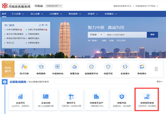 方式二:浏览器地址栏输http://www.hnzwfw.gov.cn/,打开河南政务服务网,点击投资项目审批登录之后跳转到河南省投资项目在线审批监管平台网上申报系统。
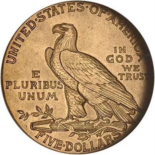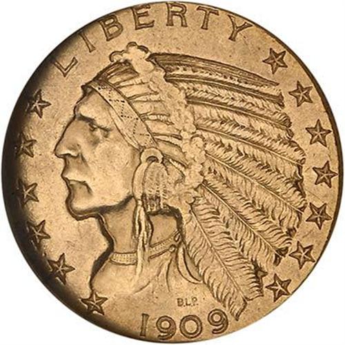 1909-O $5 Indian. Little luster left, and some faint reverse hairlining. Typically sharp for the issue with a plain, clear mintmark that no one will ever confuse with the more typically blobby "D" mintmark for 1909. It is unusual to find that the same year produced the most common date in the series (1909-D) as well as the most highly regarded rarity (1909-O). What a challenge it is for any collector to find a solidly graded, conservative specimen like the present coin. (#8515)
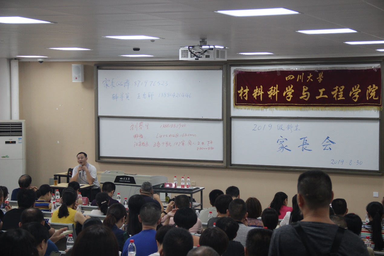 为了确保家校沟通顺畅、共同培育好大一新生,2019年8月30日下午,beat365中文官方网站在江安校区一教D503隆重举行2019级新生家长会。学院党委副书记张晓满教授、教导员刘蓉生老师以及2019级辅导员王静老师到场参与交流。
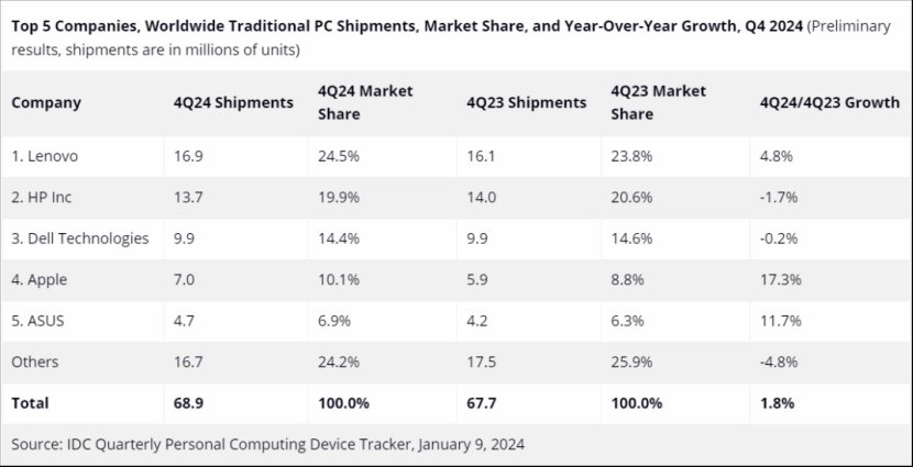 在品牌方面,联想继续领跑全球PC市场,2024年全年出货量比前一年增加4.7%,市场份额达到了23.5%,稳坐头把交椅。
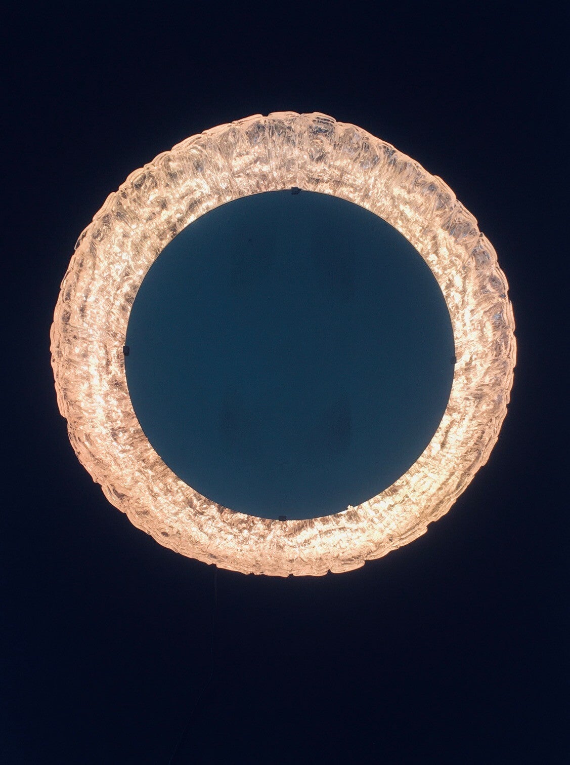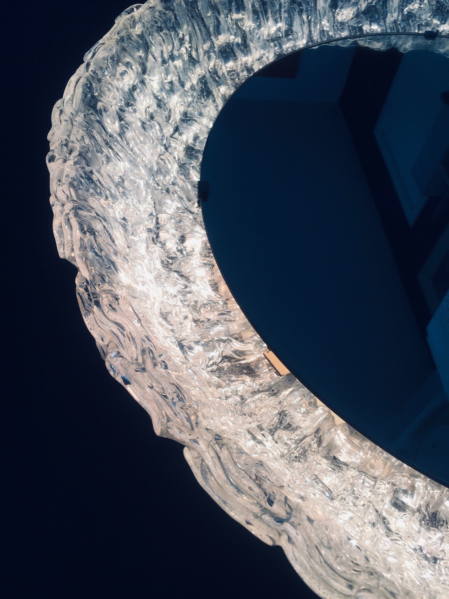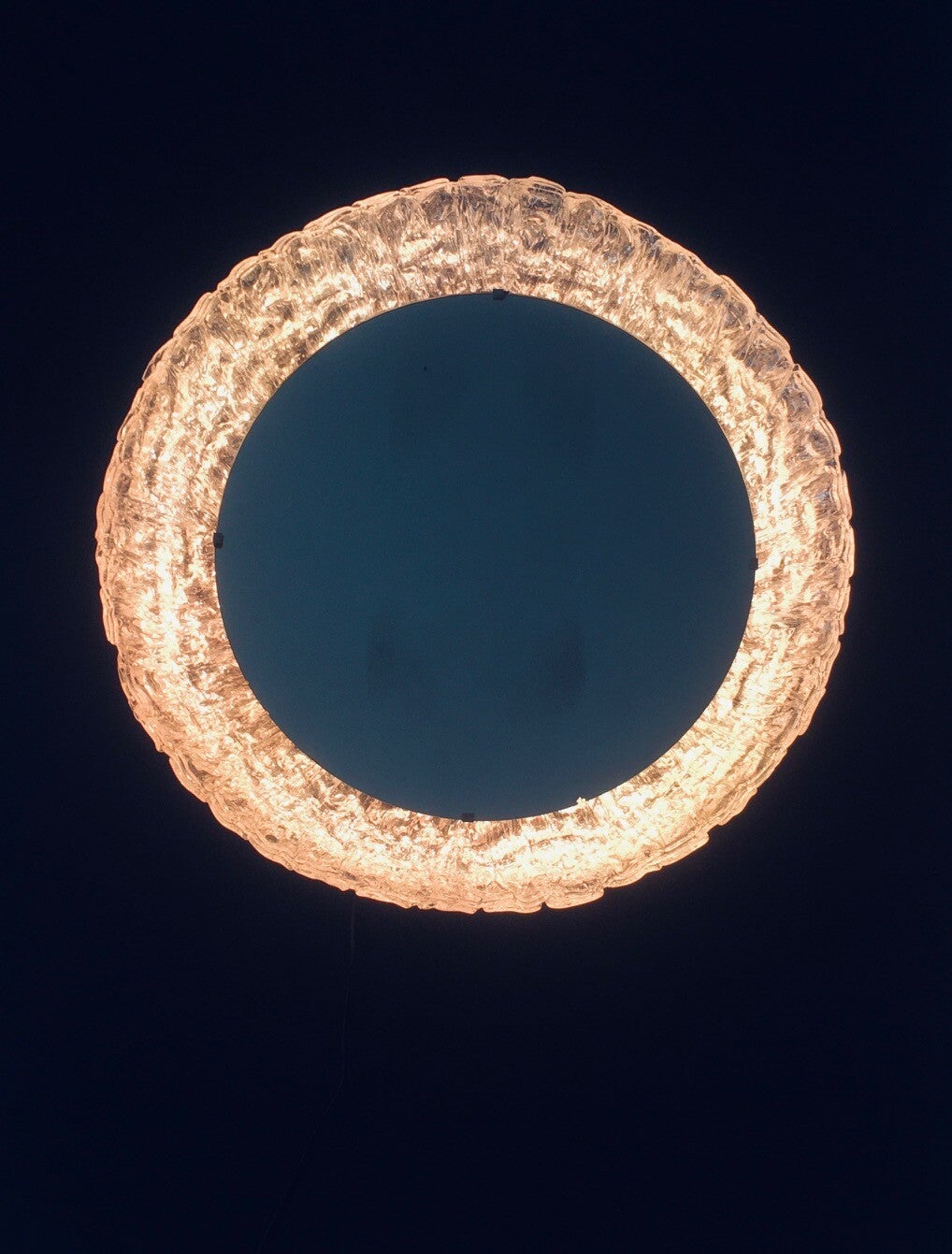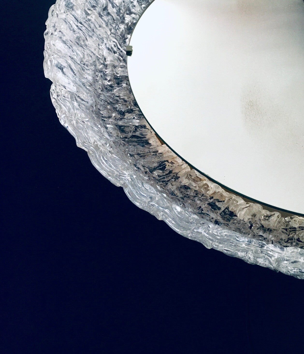 Vintage Midcentury Design Lucite Wall Mirror with Backlight by Egon Hillebrand for Hillebrand Leuchten. Made in Germany, 1970's period. Large round mirror with lucite plastic ice structure floating back which can be lit up. The mirror has nice aging. The lucite back ring comes in perfect condition. Measures 68cm x 14cm x 68cm.

##############################

Each line of the records is to be reproduced exactly, and each picture dropped.

 方式二:浏览器地址栏输http://www.hnzwfw.gov.cn/,打开河南政务服务网,点击投资项目审批登录之后跳转到河南省投资项目在线审批监管平台网上申报系统。
 1909-O $5 Indian. Little luster left, and some faint reverse hairlining. Typically sharp for the issue with a plain, clear mintmark that no one will ever confuse with the more typically blobby "D" mintmark for 1909. It is unusual to find that the same year produced the most common date in the series (1909-D) as well as the most highly regarded rarity (1909-O). What a challenge it is for any collector to find a solidly graded, conservative specimen like the present coin. (#8515)
 为了确保家校沟通顺畅、共同培育好大一新生,2019年8月30日下午,beat365中文官方网站在江安校区一教D503隆重举行2019级新生家长会。学院党委副书记张晓满教授、教导员刘蓉生老师以及2019级辅导员王静老师到场参与交流。
 在品牌方面,联想继续领跑全球PC市场,2024年全年出货量比前一年增加4.7%,市场份额达到了23.5%,稳坐头把交椅。
 Vintage Midcentury Design Lucite Wall Mirror with Backlight by Egon Hillebrand for Hillebrand Leuchten. Made in Germany, 1970's period. Large round mirror with lucite plastic ice structure floating back which can be lit up. The mirror has nice aging. The lucite back ring comes in perfect condition. Measures 68cm x 14cm x 68cm.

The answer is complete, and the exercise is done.